Между тем здесь имеется одно ограничение, которое показывает положение вещей во всей полноте их сущности. Δόξα есть видность, в которой некто стоит, видность в широком смысле, которую каждое сущее прячет и выдает своим видом (είδος, ίδέα). Город являет собой величественное зрелище (Anblick). Облик (Ansicht), который сущее имеет само по себе и лишь поэтому может из себя явить, позволяет сущему всякий раз быть воспринятым в зависимости от того или иного положения глаза, воз-зрения. Сообразно различным точкам зрения — являющий себя облик будет иным. Тем самым этот облик всегда именно таков, каким его принимаем и создаем себе мы. В опыте сущего и его использовании мы постоянно создаем себе из его вида облики-воззрения, и это зачастую происходит так, что мы не разглядели в точности самое вещь. Какими-то путями и по каким-то причинам мы приходим к некоему воззрению на данную вещь. Мы создаем себе о ней мнение. При этом может случиться, что воззрение, которое мы представляем, в самой вещи поддержки не имеет. Тогда оное есть ничем не подкрепленное воззрение, допущение (Annahme). Мы принимаем нечто так или иначе, всего лишь мним. Принимать по-гречески значит δέχεσθαι. [Допущение остается зависимым от заключенного в явлении предложения.] Δόξα в качестве так или иначе допущенного есть мнение.
Теперь мы попали туда, куда стремились. Так как бытие, φύσις, состоит в явлении, в предоставлении видов и воззрений, то, соразмерно с сущностью и тем самым необходимо и постоянно, оно стоит в возможности некоего вида, который скрывает и утаивает как раз то, чем сущее является поистине, т. е. в несокрытости. Этот вид, в который теперь поставляется сущее, есть видимость в смысле кажимости. Где сущее несокрыто, там есть возможность видимости, и наоборот: где сущее стоит в видимости и имеет в ней свою давнюю и стойкую позицию, там видимость может разрушиться и распасться.
Словом δόξα обозначается многое: 1. видность как слава; 2. видность как облик, который нечто предоставляет; 3. видность в значении: так-то выглядеть, «видимость» как пустая кажимость; 4. воззрение, которое человек себе формирует, мнение. Эта многозначность слова не есть небрежность языка, а игра, глубоко коренящаяся в зрелой мудрости великого языка, который охраняет в слове существенные черты бытия. Чтобы с самого начала не сбиться с пути, следует поостеречься ничто же сумняшеся принимать и ложно толковать видимость как нечто только «воображаемое», «субъективное». Здесь верно следующее: как явление принадлежит самому сущему, так принадлежит ему и видимость.

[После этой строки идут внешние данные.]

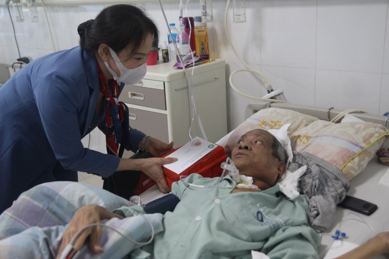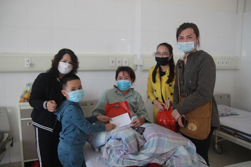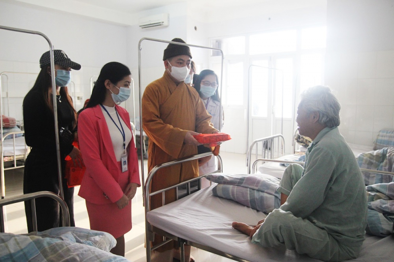 Nối dài tinh thần lá lành đùm lá rách, sẻ chia khó khăn, nỗi đau bệnh tật cùng người bệnh ung thư, với tấm lòng “từ bi, hành thiện”, Đoàn Phật tử đã đến giường bệnh thăm hỏi và phát 120 suất quà trị giá 100 nghìn đồng/ suất cùng hiện vật - sữa cho các bệnh nhân ung thư, bệnh nhân mắc bệnh lý thận đang nằm điều trị tại Bệnh viện Bãi Cháy.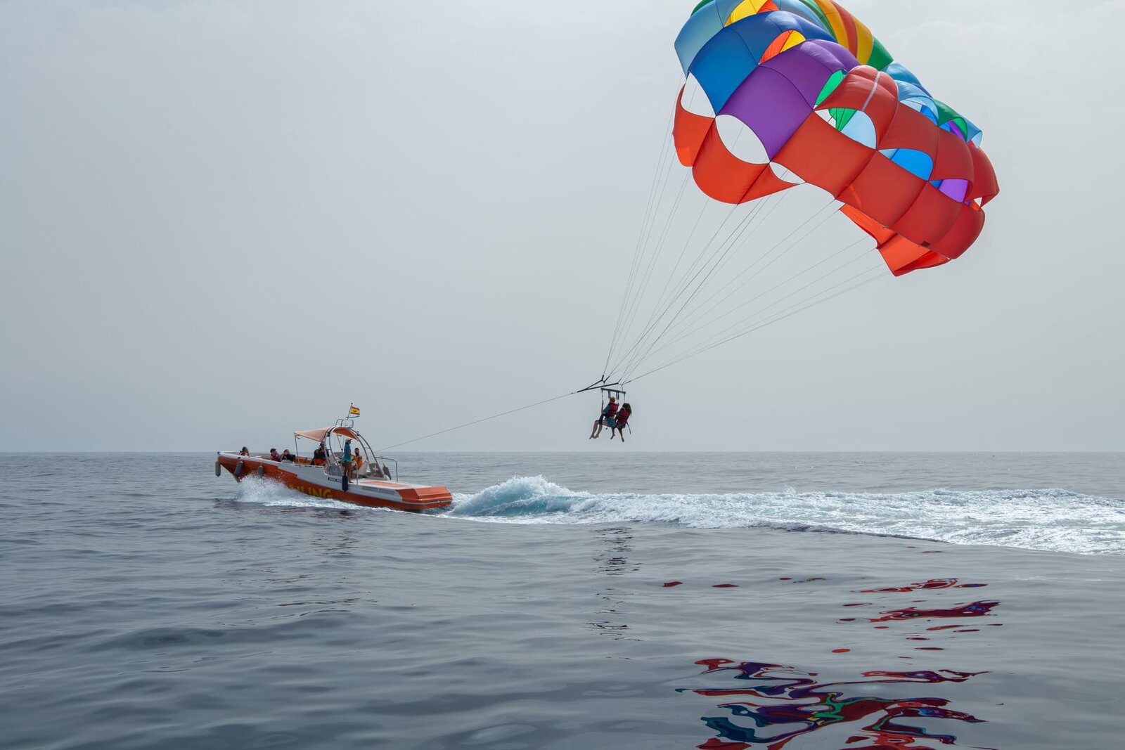 Mit Höhenangst bist du lost!Adrenalin steht auf dem Programm, die Jungs und Mädels dürfen eine Runde Parasailing machen. Dabei hängen sie 40 Meter über dem Wasser am einem Schirm, der von dem Boot gezogen wird.Bild: © ZDF/Georg Bussek

Вот, например, солнце. Мы видим, как оно ежедневно всходит и заходит. Лишь немногие - астрономы, физики, философы, но и те только на основании особых, более или менее устоявшихся взглядов, рассматривают положение вещей иначе, а именно как движение Земли вокруг Солнца. Видимость, в которой стоят Солнце и Земля, например, пейзаж ранним утром, вечернее море, ночь, есть некое явление. Видимость эта не есть ничто. Она не есть также неистинность. Она не есть и простое явление отношений в природе, устроенных на самом деле иначе. Эта видимость исторична, и она же есть история; она открывается и обретает основу в поэзии и сказании и благодаря этому является существенной сферой нашего мира.
Только заумное острословие запоздалых и разочарованных мнит расправиться с историческим могуществом видимости, объявляя его «субъективным», а сущность этой «субъективности» чем-то в высшей степени сомнительным. Опыт греков был иным. Им всякий раз приходилось сначала вырывать бытие у видимости и охранять его от оной. [Бытие бытует из не-сокрытости.]
Единственно в состоянии борьбы между бытием и видимостью отвоевали они бытие у сущего, приведя сущее к постоянству и несокрытости: богов и государство, храмы и трагедию, состязания и философию; однако все это они совершили посреди видимости, подкарауливаемые ею, но и принимая ее всерьез, сознавая ее могущество. Лишь в софистике и у Платона видимость объявлена пустой кажимостью и тем самым понижена в своем значении. Бытие как ίδέα тем самым сразу же перемещается наверх, в сверхчувственное место. Пропасть, χωρισμός, разверзается между сущим здесь, внизу, которое есть лишь видимость, и действительным бытием где-то там, вверху, та пропасть, в которой позже поселяется учение христианства, переосмыслив то, что внизу, как тварное, а то, что вверху — как Творца. Перековав, таким образом, оружие, оно ополчается против античности [как язычества] и искажает ее. Ницше в связи с этим прав, говоря: христианство есть платонизм для народа.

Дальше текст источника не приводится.